The investment climate has changed dramatically in the last two months.
For most of the last seven years the dominant theme has been dollar and US markets negative with commodities and emerging markets positive. This continued for the first half of 2008 with commodities, most notably oil, crushing US equities as the dollar hit record low after record low.
However, starting in August the dollar began a strong rally while commodities began a strong correction. Given the massive amount of leverage in the marketplace I first thought this trend reversal was the result of a short-covering rally in the dollar and over-leveraged investors in the commodities space liquidating their portfolios.

However, given the continued strength in the dollar as well as commodities’ inability to launch a significant rebound, it looks as though we may actually be at the beginning of a genuine shift in investment climate. US equities are outperforming most international indexes… and the US dollar has rallied against every major world currency you can name.
Do not get me wrong. I think the dollar is a horrible currency with poor fundamentals. The fact the US is clearly in a severe recession and adding greatly to its debt load with the Fannie/Freddie deal are all very dollar negative.
However, as investors we MUST be flexible with our strategy. And you must take your directions from the market. If the dollar has indeed begun a bull market, it won’t do you a lick of good to continue buying dollar hedges. Similarly, if US markets are outperforming their emerging counterparts, loading up on emerging markets will only add to your stress.

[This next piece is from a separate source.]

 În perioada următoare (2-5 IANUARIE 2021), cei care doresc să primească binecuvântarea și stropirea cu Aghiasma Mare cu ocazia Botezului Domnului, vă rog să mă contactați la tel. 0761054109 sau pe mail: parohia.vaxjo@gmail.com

Right now, deflation has taken the reins. Assets across the market—particularly in housing—are losing value steadily. The large banks and financial firms continue to hold billions and billions in assets and securities that if marked to market would indicate deflation.

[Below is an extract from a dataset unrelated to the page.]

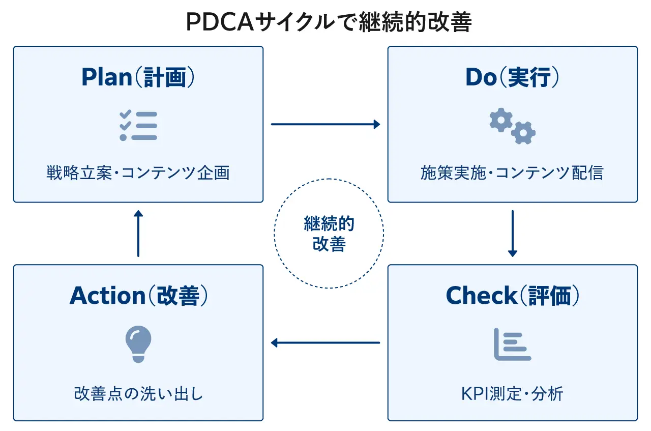 コンテンツとシナリオは作って終わりではありません。開封率・クリック率・閲覧数などのデータを計測し、効果を確認して改善を繰り返しましょう。

The regulatory bodies have tried to paper over this deflation with various inflationary tactics—printing money like crazy, issuing low interest loans to financial firms, swapping Treasuries for junk with Wall Street, etc. None of these have worked. They have built up inflationary pressures, but currently deflation is decidedly in control.

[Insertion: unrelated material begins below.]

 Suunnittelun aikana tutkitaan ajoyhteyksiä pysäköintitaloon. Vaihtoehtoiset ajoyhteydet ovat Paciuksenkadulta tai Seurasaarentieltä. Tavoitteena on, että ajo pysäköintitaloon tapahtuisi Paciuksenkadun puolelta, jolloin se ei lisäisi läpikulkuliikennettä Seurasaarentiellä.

At some point in the near future, the Fed will have to really ramp up the inflationary tactics. We could very well see Ben Bernanke apply his “helicopter” hypothesis— the notion that he would print so much money it’d be as if he was dropping it from the skies— to a real world situation. When he does this, gold, silver, and other inflationary hedges—namely commodities— will explode higher.
However, currently prices across the board are falling. This is dollar positive and negative for commodities. Invest accordingly.